From: Andres Freund <andres(at)2ndquadrant(dot)com>
To: Tom Lane <tgl(at)sss(dot)pgh(dot)pa(dot)us>
Cc: Heikki Linnakangas <hlinnakangas(at)vmware(dot)com>,pgsql-hackers(at)postgresql(dot)org
Subject: Re: [PATCH] unified frontend support for pg_malloc et al and palloc/pfree mulation (was xlogreader-v4)
Date: 2013-01-09 22:14:52
Message-ID: 20130109221452.GA28653@awork2.anarazel.de (view raw or flat)
Thread:
Lists: pgsql-hackers
On 2013-01-09 15:43:19 -0500, Tom Lane wrote:
> I wrote:
> > I then applied the palloc.h and mcxt.c hunks of your patch and rebuilt.
> > Now I get an average runtime of 16666 ms, a full 2% faster, which is a
> > bit astonishing, particularly because the oprofile results haven't moved
> > much:
>
> I studied the assembly code being generated for palloc(), and I believe
> I see the reason why it's a bit faster: when there's only a single local
> variable that has to survive over the elog call, gcc generates a shorter
> function entry/exit sequence.

Makes sense.

>  I had thought of proposing that we code
> palloc() like this:
>
> void *
> palloc(Size size)
> {
>     MemoryContext context = CurrentMemoryContext;
>
>     AssertArg(MemoryContextIsValid(context));
>
>     if (!AllocSizeIsValid(size))
>         elog(ERROR, "invalid memory alloc request size %lu",
>              (unsigned long) size);
>
>     context->isReset = false;
>
>     return (*context->methods->alloc) (context, size);
> }
>
> but at least on this specific hardware and compiler that would evidently
> be a net loss compared to direct use of CurrentMemoryContext.  I would
> not put a lot of faith in that result holding up on other machines
> though.

Thats not optimized to the same? ISTM the compiler should produce
exactly the same code for both.

> In any case this doesn't explain the whole 2% speedup, but it probably
> accounts for palloc() showing as slightly cheaper than
> MemoryContextAlloc had been in the oprofile listing.
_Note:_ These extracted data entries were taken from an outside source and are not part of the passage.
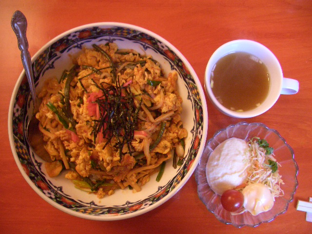 FOODMAM「本当は、朝鮮チラシが食べたいんだけど、DRENに辛いのは食べさせられないので、中華チラシにするわ。朝鮮チラシと似たかんじね。辛くない分とりがらっぽい味が感じられるわ。朝鮮チラシと負けず劣らず、おいしいわ。こっちにも、サラダとスープがついているといいのに。」
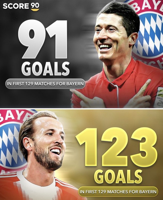 축구 매체 '스코어 90'은 9일 바이에른 뮌헨의 해리 케인이 로베르트 레반도프스키의 득점 기록을 뛰어넘었다며, 그 기록을 공개했다.
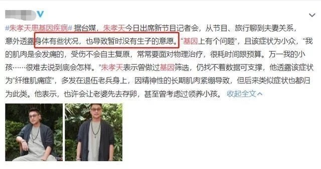 朱孝天现在基本上已经不拍戏,与女友韩雯雯结婚之后,被查出患有基因疾病,肌肉经常会痛,还会影响到下一代,现在正在治疗中。

I'd guess that a good part of the cost is just smeared across all
callers and not individually accountable to any function visible in the
profile. Additionally, With functions as short as MemoryContextAllocZero
profiles like oprofile (and perf) also often leak quite a bit of the
actual cost to the callsites in my experience.

I wonder whether it makes sense to "inline" the contents pstrdup()
additionally? My gut feeling is not, but...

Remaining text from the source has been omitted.